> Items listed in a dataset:
__________
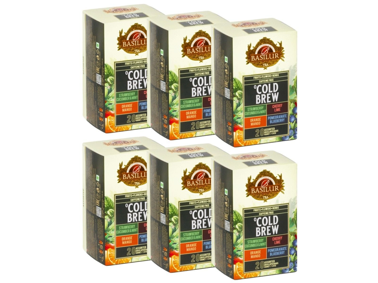 Basilur BASILUR Cold Brew - Komplet 4 sadnih okusov, hladen čaj brez kofeina v vrečkah 20 x 2 g x6
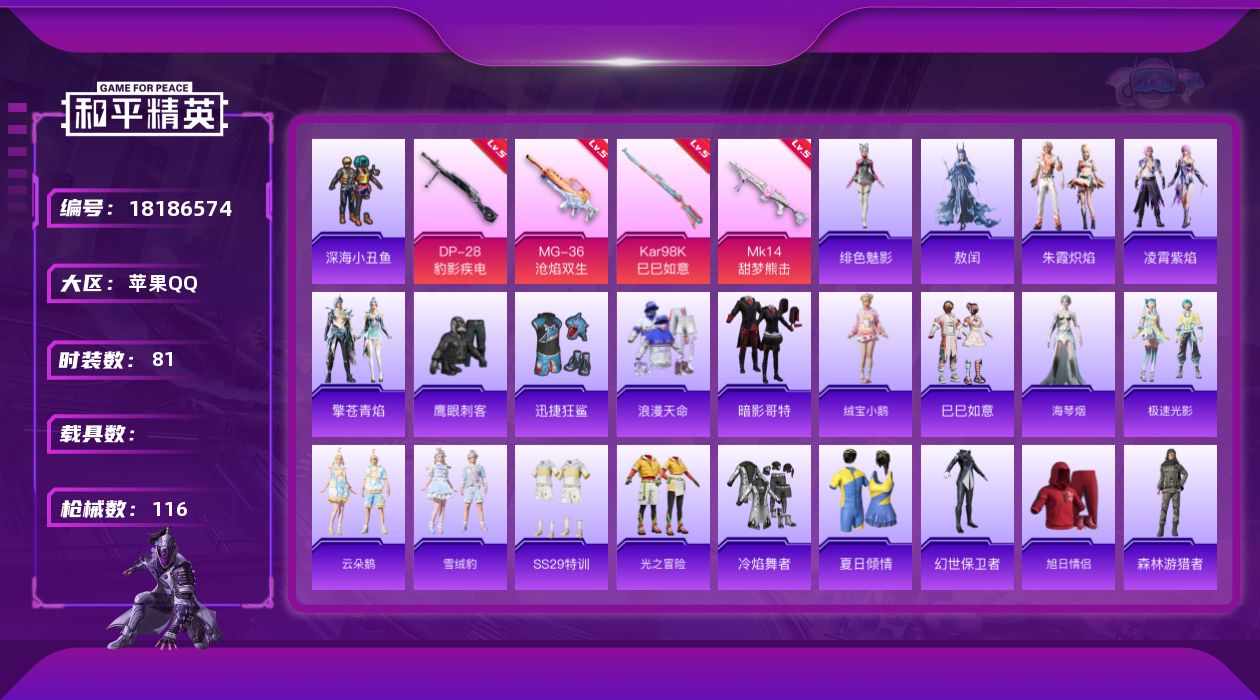 苹果手Q-18王牌印记-有战神框-1红装-10粉装-9特效枪-3
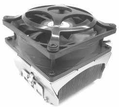 另外,底部的厚度也会影响散热片的瞬间吸热能力,可以看到很多高档散热器的底部都相当厚,典型的例子就是Intel的Prescott专用散热器,底部中芯的铜柱甚至达到了3cm以上。风道的设计也非常重要,出色的设计是充分利用气流将散热片的热量带走,同时将噪音抑制到最小。
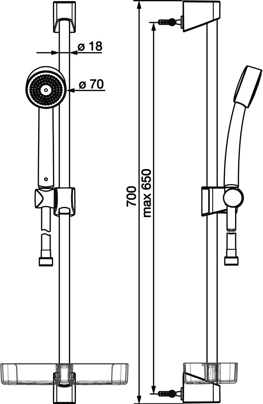 | Дополнительная информация | высота стойки для душа: 650 мм; диаметр душевой лейки: 70 мм |
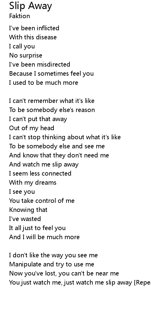You just watch me, just watch me slip away [Repeat Chorus] |
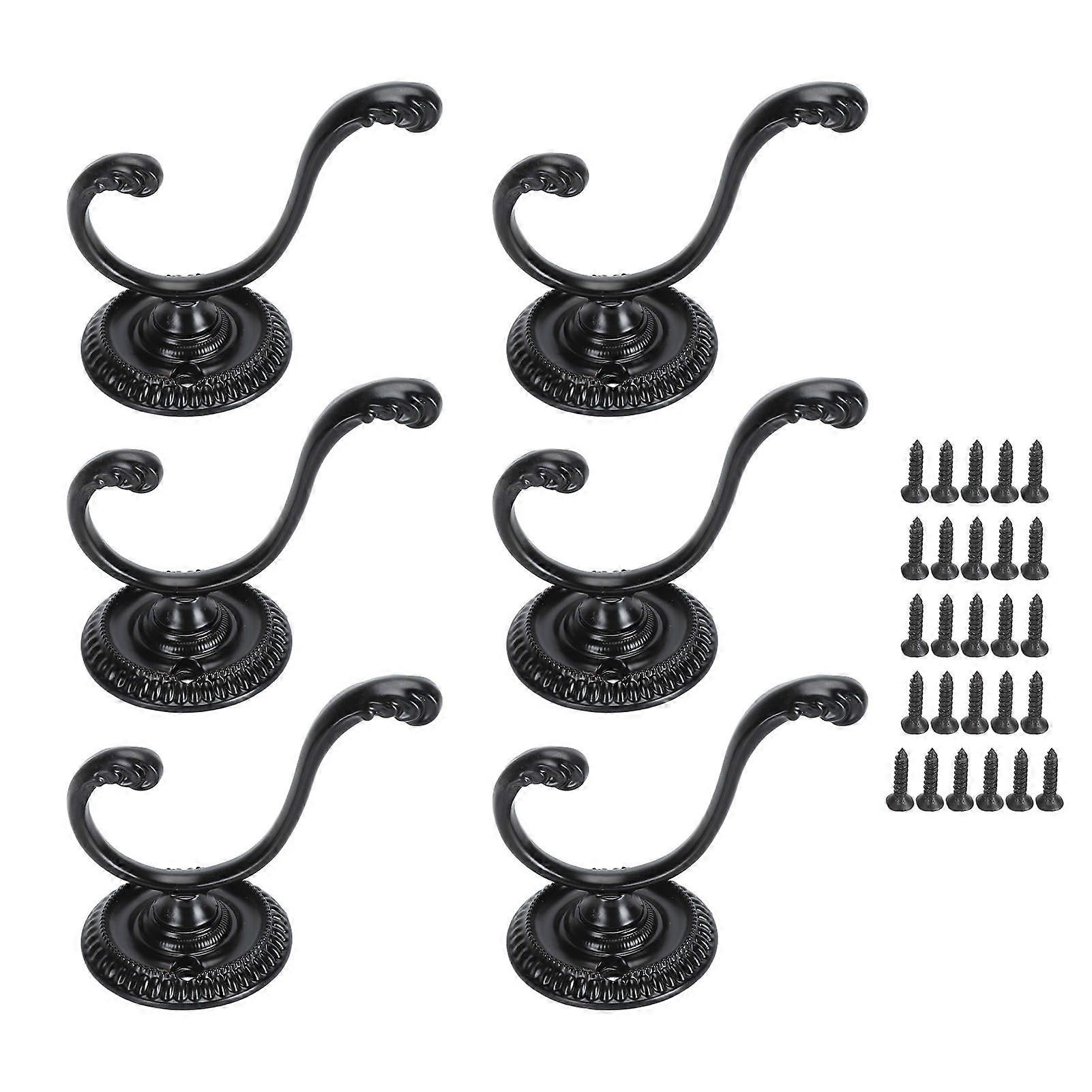 6PCS Coat and Hat Hook Zinc Alloy Black Color Wall Mounted 2 Claws Retro Coat Hook with 26 Screws
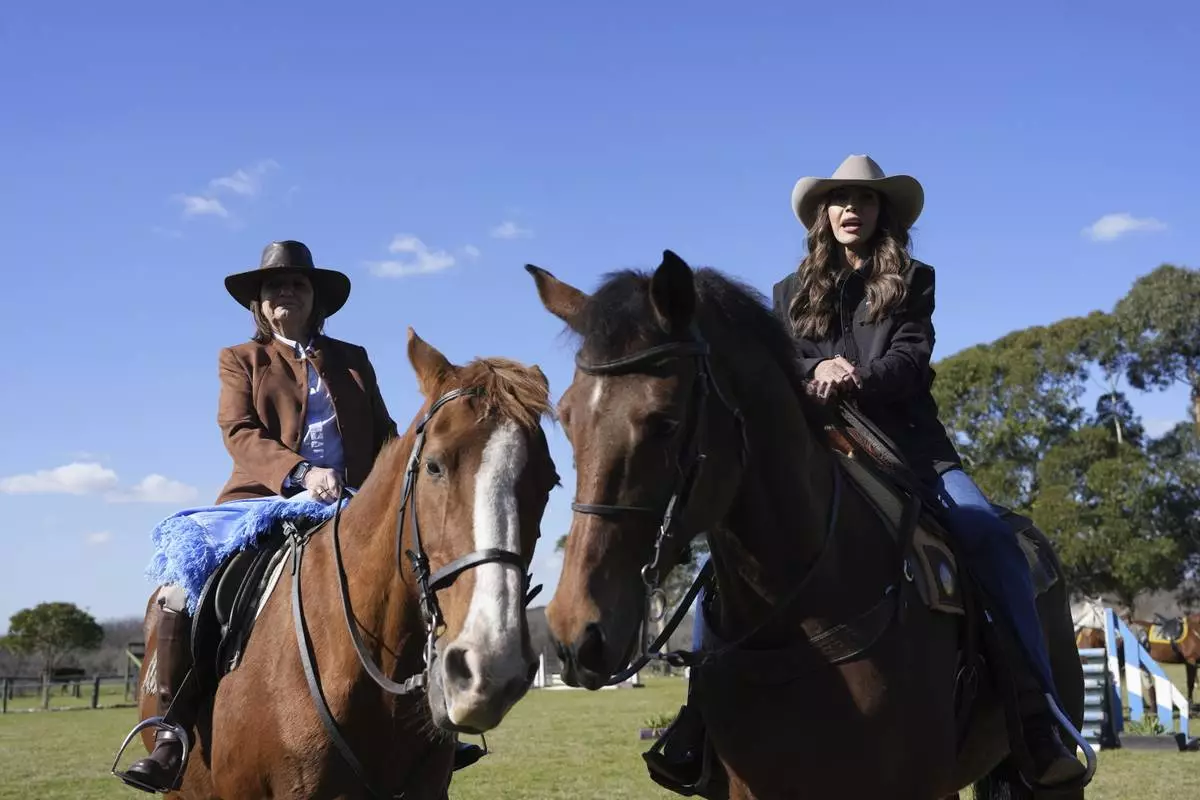U.S. Homeland Security Secretary Kristi Noem, right, and Argentine National Security Minister Patricia Bullrich sit on horses as they speak to the press upon arrival to the Campo De Mayo Military Base in Buenos Aires province, Argentina, Monday, July 28, 2025. (AP Photo/Alex Brandon, Pool)
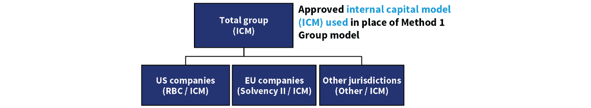 Allianz[7] is an example of a company utilizing an ICM. Companies in certain jurisdictions may be able to employ a combination of methods, as is the case for Allianz, which calculates Solvency II capital for its European businesses using an ICM and combines that with capital for its US business using the D&A method (a combination of Methods 2 & 3).
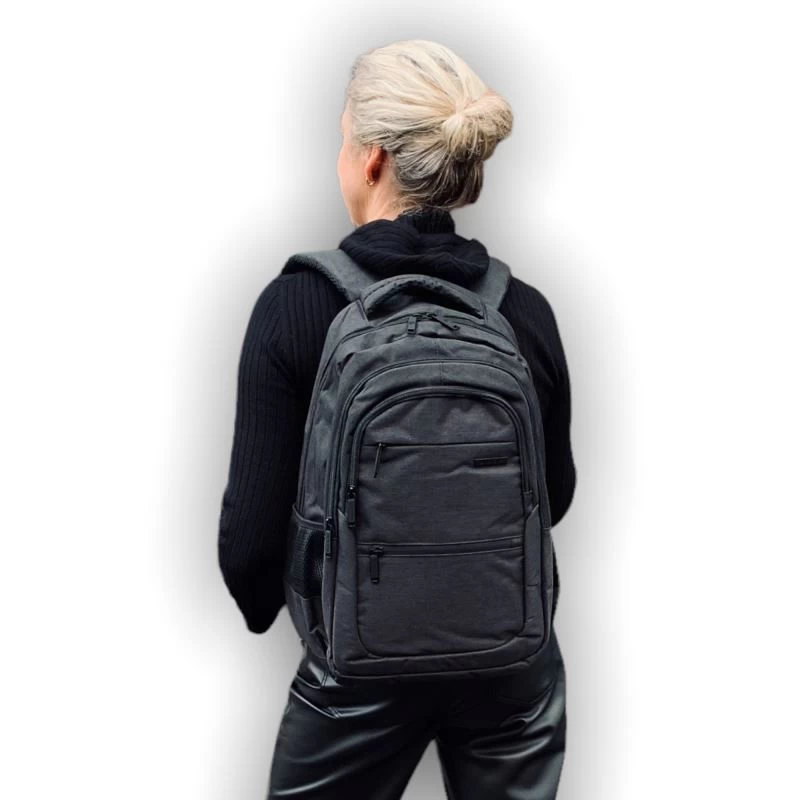 De Next laptop-rugzak is een ruime en duurzame rugzak gemaakt van stevig 600 denier polyester, ideaal voor dagelijks woon-werkverkeer. De tas heeft voldoende capaciteit voor dagelijkse benodigdheden en heeft een gewatteerd ritsvak voor een laptop tot 15,6″. Het hoofdcompartiment is geschikt voor A4 documenten, accessoires ed. Aan de zijkanten zitten insteekvakken waar een blikje of waterflesje in passen. Aan de voorzijde bevinden zich nog drie ritsvakken terwijl er aan de achterzijde ook een ritsvak zit. De tas is prettig te dragen dankzij de gewatteerde schouderbanden en het gewatteerde rugpaneel. Tevens heeft de tas een Smart Sleeve die ervoor dien om te tas te bevestigen op het treksysteem van een trolley.
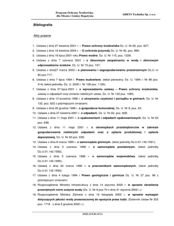 Program Ochrony Środowiska dla Miasta i Gminy Bogatynia ABRYS Technika Sp. z o.o. Bibliografia Akty prawne 1. Ustawa z dnia 27 kwietnia 2001 r. – Prawo ochrony środowiska Dz. U. Nr 62, poz. 627; 2. Ustawa z dnia 16 kwietnia 2004 r. – O ochronie przyrody Dz. U. Nr 92, poz. 880; 3. Ustawa z dnia 18 lipca 2001 roku Prawo wodne. Dz. U. Nr 115, poz. 1229; 4. Ustawa z dnia 7 czerwca 2001 r o zbiorowym zaopatrzeniu w wodę i zbiorowym odprowadzeniu ścieków, Dz. U. Nr 72 poz. 747; 5. Ustawa z dnia27 marca 2003 r o planowaniu i zagospodarowaniu przestrzennym Dz.U. nr 80 poz.717; 6. Ustawa z dnia 7 lipca 1994 r. Prawo budowlane. (tekst pierwotny: Dz. U. 1994 r. Nr 89 poz. 414) (tekst jednolity: Dz. U. 2000 r. Nr 106 poz. 1126); 7. Ustawa z dnia 27 lipca 2001 r. o wprowadzeniu ustawy – Prawo ochrony środowiska, ustawy o odpadach oraz zmianie niektórych ustaw, Dz. U. Nr 132 poz. 1085; 8. Ustawa z dnia 13 września 1996 r. o utrzymaniu czystości i porządku w gminach, Dz. U. Nr 132, poz. 622 z późniejszymi zmianami; 9. Ustawa z dnia 20 grudnia 1996 r. o gospodarce komunalnej, Dz. U. Nr 9, poz. 43; 10. Ustawa z dnia 27 kwietnia 2001 r. o odpadach, Dz. U. Nr 62, poz. 628; 11. Ustawa z dnia 11 maja 2001 r. o opakowaniach i odpadach opakowaniowych, Dz. U. Nr 63 poz. 638; 12. Ustawa z dnia 11 maja 2001 r. o obowiązkach przedsiębiorców gospodarowania niektórymi odpadami oraz o opłacie w produktowej zakresie i opłacie depozytowej, Dz. U. Nr 63 poz. 639; 13. Ustawa z dnia 8 marca 1990 r. o samorządzie gminnym. (tekst jednolity Dz.U.01.142.1591); 14. Ustawa z dnia 5 czerwca 1998 r. o samorządzie powiatowym. (tekst jednolity Dz.U.01.142.1592); 15. Ustawa z dnia 5 czerwca 1998 r. o samorządzie województwa. (tekst jednolity Dz.U.01.142.1590); 16. Ustawa z dnia 22 marca 1990 r. o pracownikach samorządowych. (tekst jednolity Dz.U.01.142.1593); 17. Ustawa z dnia 4 lutego 1994 r Prawo geologiczne i górnicze Dz. U. Nr 27 poz. 96 z późniejszymi zmianami; 18. Rozporządzenie Ministra Infrastruktury z dnia 14 stycznia 2002 r. w sprawie określenia przeciętnych norm zużycia wody.(Dz. U. Nr 8 poz.70 z dnia 31 stycznia 2002 r.); 19. Rozporządzenie Ministra Zdrowia z dnia 19 listopada 2002 r. w sprawie wymagań dotyczących jakości wody przeznaczonej do spożycia przez ludzi. (Dziennik Ustaw Nr 203 poz. 1718 z dnia 5 grudnia 2002 r.); BIBLIOGRAFIA Program Ochrony Środowiska dla Miasta i Gminy Bogatynia ABRYS Technika Sp. z o.o. 20. Rozporządzenie Ministra Zdrowia z dnia 16 października 2002 r. w sprawie wymagań, jakim powinna odpowiadać woda w kąpieliskach. (Dz. U. Nr 183 poz. 1530); 21. Rozporządzenie Ministra Środowiska z dnia 29 listopada 2002 r. w sprawie warunków, jakie należy spełnić przy wprowadzaniu ścieków do wód lub do ziemi oraz w sprawie substancji szczególnie szkodliwych dla środowiska wodnego. (Dz. U. Nr 212 poz.1799 z dnia 16 grudnia 2002 r.); 22. Rozporządzenie Ministra Infrastruktury z dnia 20 lipca 2002 r. w sprawie sposobu realizacji obowiązków dostawców ścieków przemysłowych oraz warunków wprowadzania ścieków do urządzeń kanalizacyjnych. (Dz. U. Nr 129. poz. 1108 z dnia 14 sierpnia 2002 r.); 23. Rozporządzenie Ministra Infrastruktury z dnia 17 października 2002 r. w sprawie warunków wprowadzania nieczystości ciekłych do stacji zlewnych. (Dz. U. z dnia 14 listopada 2002 r.) Dz.U.02.188. poz. 1576; 24. Rozporządzenie Ministra Infrastruktury z dnia 12 listopada 2002 r. w sprawie wymagań dla pojazdów asenizacyjnych. (Dz. U. Nr 193 poz.1617 z dnia 22 listopada 2002 r.); 25. Rozporządzenie Rady Ministrów z dnia 9 listopada 2004 r. w sprawie określenia rodzajów przedsięwzięć mogących znacząco oddziaływać na środowisko oraz szczegółowych kryteriów związanych z kwalifikowaniem przedsięwzięć do sporządzenia raportu oddziaływania na środowisko, Dz. U. Nr 257, poz. 2573; 26. Rozporządzenie Ministra Środowiska z dnia 27 września 2001 r. w sprawie katalogu odpadów, Dz. U. Nr 112, poz. 1206; 27. Rozporządzenie Rady Ministrów z dnia 21 października 1998 r. w sprawie szczegółowych zasad usuwania, wykorzystywania i unieszkodliwiania odpadów niebezpiecznych, Dz. U. Nr 145 poz. 942. z późniejszymi zmianami; 28. Rozporządzenie Ministra Środowiska z dnia 1 sierpnia 2002 r, w sprawie komunalnych osadów ściekowych, Dz. U. Nr 134 poz. 1140; 29. Rozporządzenie Ministra Środowiska z dnia 5 lipca 2002 r. w sprawie szczegółowych wymagań, jakim powinny odpowiadać programy ochrony powietrza. (Dz.U. 2002. Nr 115 poz.1003 z dnia 24 lipca 2002 r.); 30. Rozporządzenie Rady Ministrów z dnia 18 grudnia 2001 r. zmieniające rozporządzenie w sprawie opłat za korzystanie ze środowiska, Dz. U. Nr 151 poz. 1703; 31. Rozporządzenie Ministra Rolnictwa i Rozwoju Wsi z dnia 21 marca 2002 r, w sprawie dopuszczalnych stężeń metali ciężkich zanieczyszczających glebę, Dz. U. Nr 37 poz. 344; 32. Rozporządzenie Ministra Środowiska z dnia 21 lipca 2004 r. w sprawie obszarów specjalnej ochrony ptaków NATURA 2000, (Dz.U. Nr 229, poz. 2313); 33. Rozporządzenie Ministra Środowiska z dnia 9 lipca 2004 r. w sprawie gatunków dziko występujących grzybów objętych ochroną Dz.U. Nr 168, poz. 1765; BIBLIOGRAFIA Program Ochrony Środowiska dla Miasta i Gminy Bogatynia ABRYS Technika Sp. z o.o. 34. Rozporządzenie Ministra Środowiska z dnia 14 sierpnia 2001 r, w sprawie określenia rodzajów siedlisk przyrodniczych podlegających ochronie, Dz. U. Nr 92 poz. 1029; 35. Rozporządzenie Ministra Środowiska z dnia 11 września 2001 r, w sprawie listy gatunków roślin rodzimych dziko występujących objętych ochroną gatunkową ścisłą częściową oraz zakazów właściwych dla tych gatunków i odstępstw od tych zakazów, Dz. U. Nr 106 poz. 1167; 36. Rozporządzenie Ministra Środowiska w sprawie szczegółowych wymagań, jakim powinny odpowiadać programy działań mających na celu ograniczenie odpływu azotu ze źródeł rolnicz
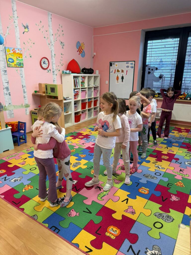 pohybové říkanky “pojďte na rozcvičku”, “kutálí se brambora”, “kytička”
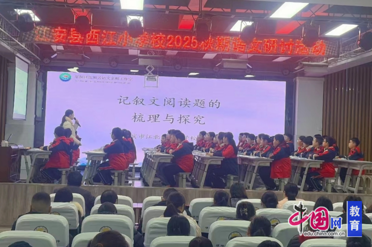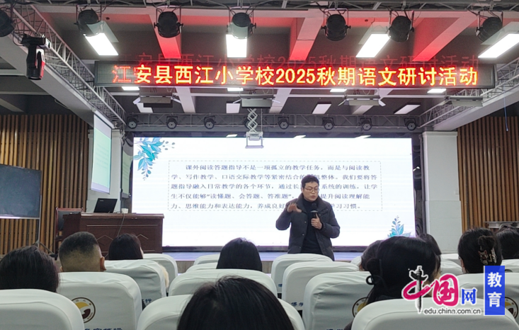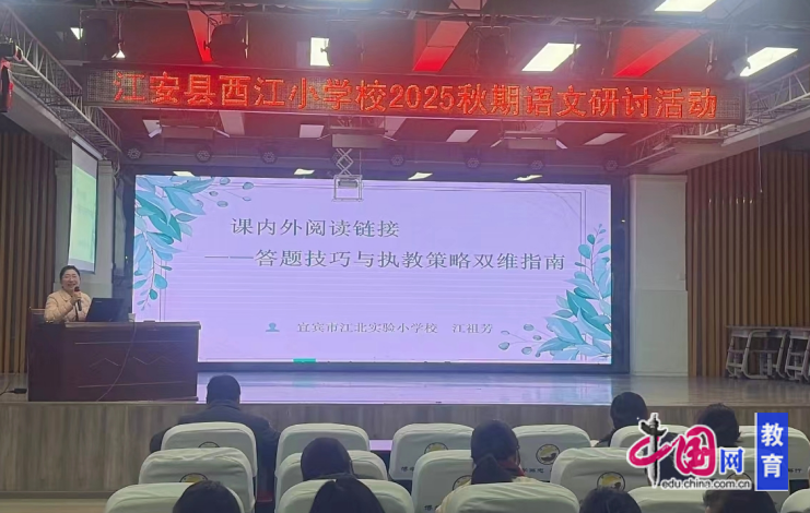 为紧扣语文考试改革导向,破解小学阅读教学课内外衔接不畅等实践难题,夯实教师教学能力,提升学生阅读核心素养与应试能力,12月9日,西江小学语文教研组阅读教学专题研讨活动在学术报告厅成功举办。本次活动由翠屏区江祖芳语文名师工作室主讲,西江小学承办。西江小学全体语文教师及小学第四学区协同团队学校部分语文教师共同参与。
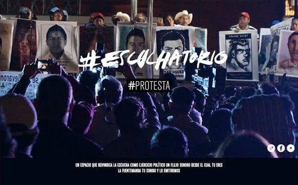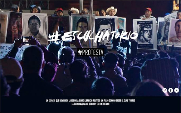 #Escuchatorio es, en sus propias palabras, «un espacio que reivindica la escucha como ejercicio político; un lugar de escuchar o desde donde esto se vuelve posible; un flujo sonoro desde el cual tú eres la fuente». La iniciativa consiste en una emisora online y una convocatoria pública que recopilará grabaciones de campo y sonidos de protestas de todo el planeta, y que realizará una emisión de 43 horas los próximos días 26 y 27 de septiembre.
__________
> TASK ITEM: Word for word and without pictures, please write out only the lines from the start of the entries through the line containing "另外,底部的厚度也会影响散热", both included.

> ANSWER TO THIS EXERCISE:
 Basilur BASILUR Cold Brew - Komplet 4 sadnih okusov, hladen čaj brez kofeina v vrečkah 20 x 2 g x6
 苹果手Q-18王牌印记-有战神框-1红装-10粉装-9特效枪-3
 另外,底部的厚度也会影响散热片的瞬间吸热能力,可以看到很多高档散热器的底部都相当厚,典型的例子就是Intel的Prescott专用散热器,底部中芯的铜柱甚至达到了3cm以上。风道的设计也非常重要,出色的设计是充分利用气流将散热片的热量带走,同时将噪音抑制到最小。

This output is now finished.